Credo che il fatto di non averlo più in squadra si sia rivelato, oltre che un upgrade tecnico, anche un ENORME upgrade sul lato umano.


----------



## Shmuk (15 Giugno 2022)

diavolo ha scritto:


> Ieri nonostante la figuraccia a stento tratteneva quel suo fastidioso sorrisetto, si è incupito solo quando la giornalista ha rimarcato che quell'errore errore sul 4-0 non era la prima volta che lo faceva.



Non se l'aspettava, lesa maestà... ma ho come l'impressione che saranno un leit motv del suo prosieguo di carriera questi richiami alla realtà...


----------



## Cataldinho (15 Giugno 2022)

Ennesima dimostrazione del suo vero valore, non solo di quello sul campo. Da queste parti conoscevamo da tempo il suo reale livello. Si sta palesando il suo essere incapace di fare autocritica, lui non sbaglia mai, sono gli altri i folli che gli vanno contro, che sia il Milan rifiutandosi di strapagare le sue misere capacità calcistiche, o quel cattivone di Benzema che osando pressarlo ha mostrato davanti a riflettori internazionali, quanto cesso il 99 sia coi piedi.
Donnarumma sta dimostrando alcune qualità tipiche di juve e inter.
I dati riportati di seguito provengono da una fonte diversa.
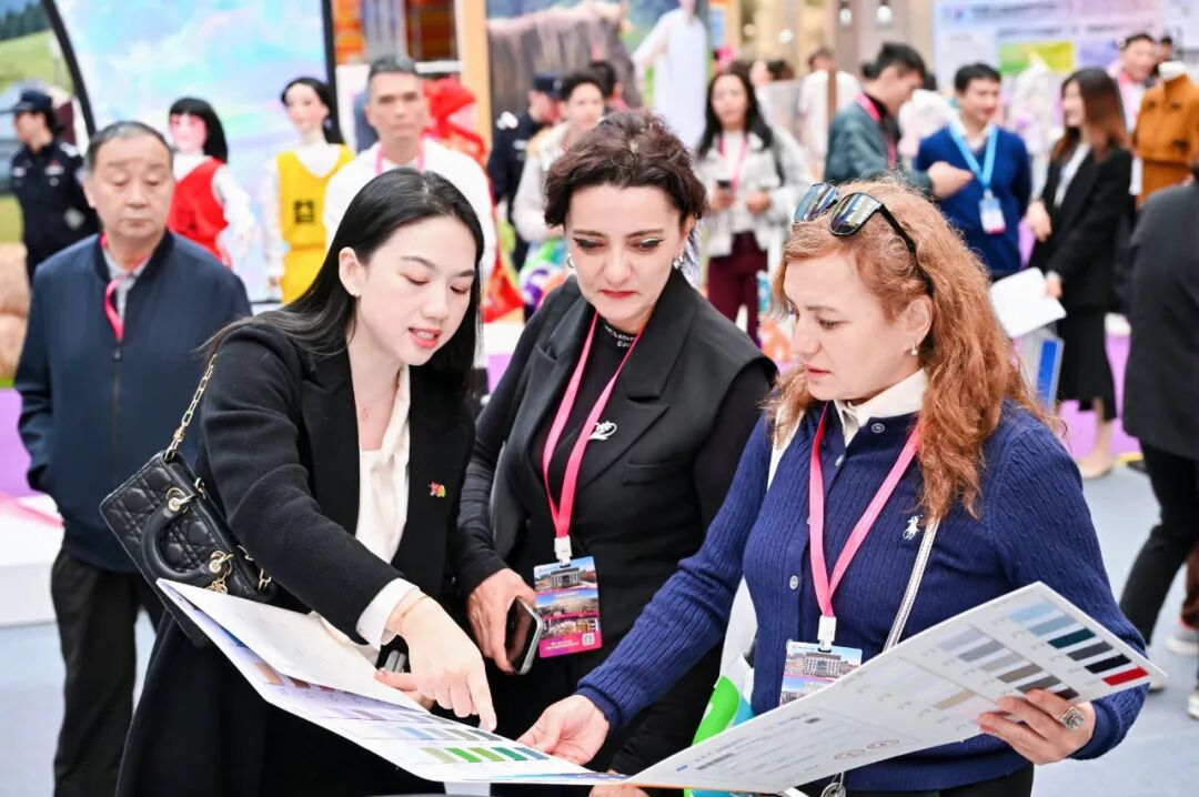 纱线展是历届“织交会”的重头戏之一,熙熙攘攘的毛织贸易中心现场,五彩缤纷的纱线展位错落有致,各色纱线在灯光下闪耀着柔和的光泽。参展商们热情地向来往的客商介绍自家产品,从传统的棉麻到高科技的合成纤维,应有尽有。空气中弥漫着纱线特有的清新味道,伴随着机器的轻微轰鸣声,交织出一幅繁忙而充满活力的行业盛会图景。

Vive in un mondo tutto suo, dove lui è bello e profumato e gli altri puzzano, e che senza protezioni il suo vero valore è decisamente più misero di quanto si volesse far credere.


----------



## Ninni21 (15 Giugno 2022)

admin ha scritto:


> Ggio Donnaruma dopo il KO con la Germania e dopo l'ennesimo errore:"_Ci è mancato tutto stasera. Scuse non ce ne sono. Anche un po’ di stanchezza con cinque gare in 20 giorni a fine caponato e non è facile ma non vogliamo trovare scuse. Ci dispiace per i tifosi per quello che hanno visto. Qualche occasione l’abbiamo avuta ma non va bene. Adesso analizzeremo tutto e insieme ripartiremo. L’errore sul gol? Assolutamente. Sul 4-0 potevo capire la situazione e buttarla via. Dopo gli errori si cresce e adesso bisogna solo guardarci in faccia, riposare e ritornare molto più forti"
> 
> "Il mio errore, ripetuto? Quando è capitato? Col Real Madrid che c’era fallo? Se vogliamo fare polemiche su queste cose facciamole. Io faccio un discorso di squadra. Se vuoi dare la colpa a me, sono il capitano, mi prendo le mie responsabilità. Dagli errori si impara. Penso che volete fare ancora questione sugli errori_“.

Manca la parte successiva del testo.